Internal training and skills are key
Hyperscale service providers provide enterprises with best practices, guidance, native controls, tools, visibility into traffic logs, and even alert them to misconfigurations, but “subscribing users who want to protect all their assets in the cloud need to Responsibility for adhering to best practices, responding to alerts and implementing appropriate controls must be undertaken.”
This means an ongoing responsibility for enterprises to carefully manage access controls, monitor cloud environment security threats, perform regular penetration testing, and in-depth training of enterprise employees on cloud security best practices.
It’s important to build in-house expertise on each public cloud. Three big mistakes businesses make when implementing cloud security are:
(1) A belief that cloud security is similar to current security practices in one’s own data center or private cloud. But in reality, every platform is fundamentally different. On the surface, it looks like everything is done, but it’s not the same when you look deeper. Businesses must develop a deep understanding of the technology platforms they use to continue their success in the cloud. Without the corresponding technology and cognition, there is no chance of success.

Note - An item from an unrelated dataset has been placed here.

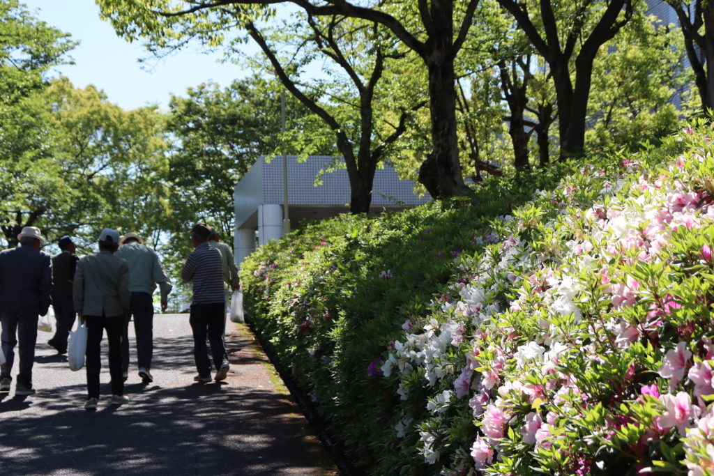 今日は天候にも恵まれ、暖かい日差しとゆったり流れる時間の中、皆さんのんびりとつつじの花を鑑賞されました。 参加された方々からは「身近にこうして四季を楽しめるところがあって嬉しい。毎年楽しみにしている。」とお声を掛けていただきました。

(2) Migrate to a multi-cloud environment before you are ready. If a company wants to move to three clouds, it must first develop appropriate in-house expertise for all three cloud environments. It is best not to move to the cloud too fast, and to accumulate enough expertise on one cloud before jumping to the next cloud.
(3) No focus on governance. Most data breaches related to cloud environments involve lost or stolen credentials and ultimately boil down to governance failures.
Cahill agrees. There is a certain level of abstraction in outsourcing a data center to a third party. You actually get the service by interacting with the API. Among the main types of mistakes enterprises make are misconfiguring cloud services, misconfiguring object storage (opening S3 buckets), and leaving credentials or API keys in public repositories. And cloud consoles are often protected by weak passwords rather than multi-factor authentication.
To protect enterprise data in the cloud, here are some suggestions:
- Proficient in the Cloud Security Shared Responsibility Model; understand what the principles are.
- Emphasis on strengthening cloud configuration.
- Enables least-privilege access to human and non-human cloud identities.
- Automate to keep security up to speed with DevOps; automate security integration across the application lifecycle.
- Ensure security implementations are repeatable across teams. Large enterprises have multiple project teams, each implementing its own security controls.
- Take a top-down approach to unify security policies across all project teams.